Start of Input data
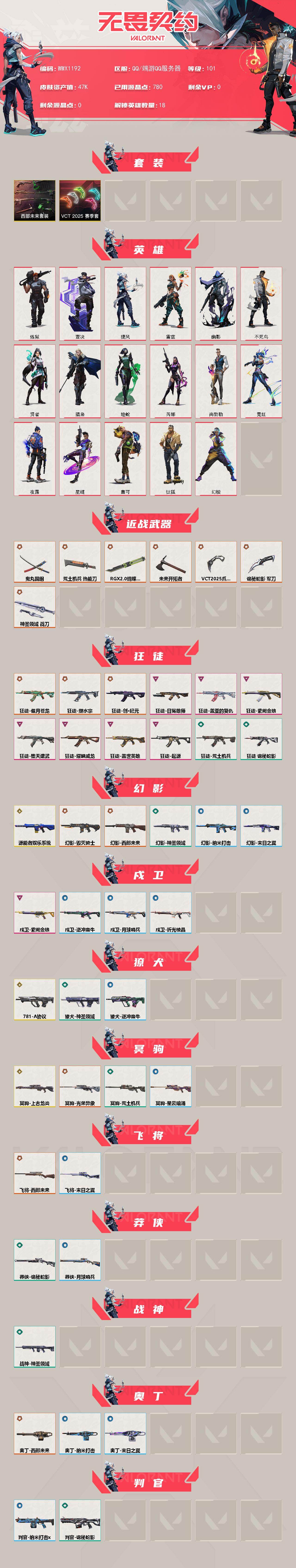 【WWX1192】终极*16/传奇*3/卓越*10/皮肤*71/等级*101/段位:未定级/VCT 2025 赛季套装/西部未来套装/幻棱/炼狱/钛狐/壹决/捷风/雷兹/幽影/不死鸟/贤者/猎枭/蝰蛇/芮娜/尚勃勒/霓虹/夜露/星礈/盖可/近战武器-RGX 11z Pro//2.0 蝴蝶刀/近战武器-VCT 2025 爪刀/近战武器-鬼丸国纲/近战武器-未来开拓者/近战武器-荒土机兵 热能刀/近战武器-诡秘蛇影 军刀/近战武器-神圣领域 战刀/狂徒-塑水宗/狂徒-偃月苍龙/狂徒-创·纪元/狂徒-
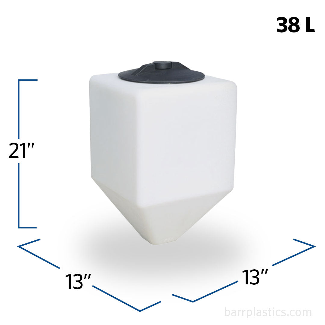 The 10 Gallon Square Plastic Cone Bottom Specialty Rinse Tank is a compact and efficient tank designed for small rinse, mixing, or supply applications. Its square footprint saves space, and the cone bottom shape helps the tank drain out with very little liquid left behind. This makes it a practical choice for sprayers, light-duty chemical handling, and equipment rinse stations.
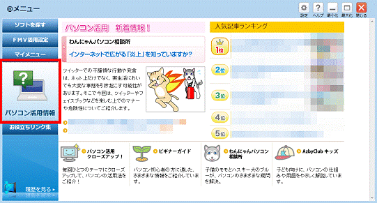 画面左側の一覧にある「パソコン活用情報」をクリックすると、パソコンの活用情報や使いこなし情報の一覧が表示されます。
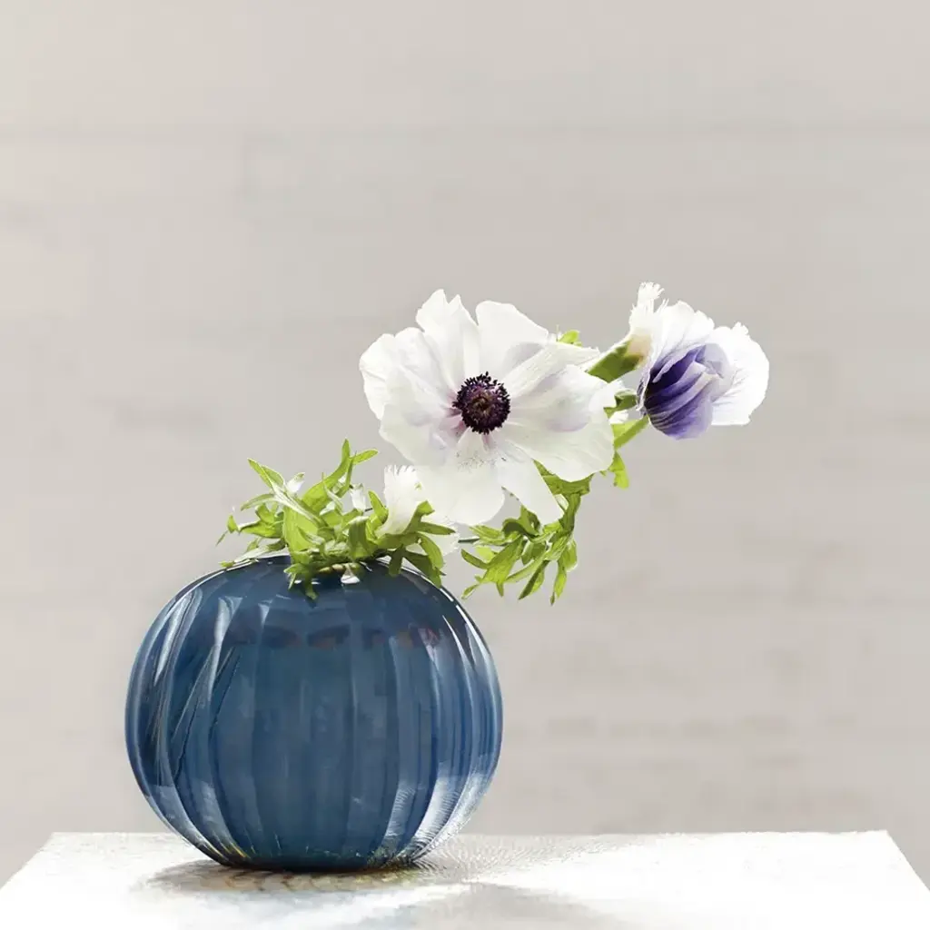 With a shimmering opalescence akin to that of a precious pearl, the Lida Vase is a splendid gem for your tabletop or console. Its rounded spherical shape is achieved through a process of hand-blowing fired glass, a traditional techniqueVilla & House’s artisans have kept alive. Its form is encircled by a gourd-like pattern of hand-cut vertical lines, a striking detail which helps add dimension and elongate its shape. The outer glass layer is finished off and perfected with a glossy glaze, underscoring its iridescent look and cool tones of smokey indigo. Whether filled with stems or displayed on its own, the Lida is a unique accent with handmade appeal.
End of Input data
Transcribe all lines above exactly, skipping pictures.

> Response below:
 【WWX1192】终极*16/传奇*3/卓越*10/皮肤*71/等级*101/段位:未定级/VCT 2025 赛季套装/西部未来套装/幻棱/炼狱/钛狐/壹决/捷风/雷兹/幽影/不死鸟/贤者/猎枭/蝰蛇/芮娜/尚勃勒/霓虹/夜露/星礈/盖可/近战武器-RGX 11z Pro//2.0 蝴蝶刀/近战武器-VCT 2025 爪刀/近战武器-鬼丸国纲/近战武器-未来开拓者/近战武器-荒土机兵 热能刀/近战武器-诡秘蛇影 军刀/近战武器-神圣领域 战刀/狂徒-塑水宗/狂徒-偃月苍龙/狂徒-创·纪元/狂徒-
 The 10 Gallon Square Plastic Cone Bottom Specialty Rinse Tank is a compact and efficient tank designed for small rinse, mixing, or supply applications. Its square footprint saves space, and the cone bottom shape helps the tank drain out with very little liquid left behind. This makes it a practical choice for sprayers, light-duty chemical handling, and equipment rinse stations.
 画面左側の一覧にある「パソコン活用情報」をクリックすると、パソコンの活用情報や使いこなし情報の一覧が表示されます。
 With a shimmering opalescence akin to that of a precious pearl, the Lida Vase is a splendid gem for your tabletop or console. Its rounded spherical shape is achieved through a process of hand-blowing fired glass, a traditional techniqueVilla & House’s artisans have kept alive. Its form is encircled by a gourd-like pattern of hand-cut vertical lines, a striking detail which helps add dimension and elongate its shape. The outer glass layer is finished off and perfected with a glossy glaze, underscoring its iridescent look and cool tones of smokey indigo. Whether filled with stems or displayed on its own, the Lida is a unique accent with handmade appeal.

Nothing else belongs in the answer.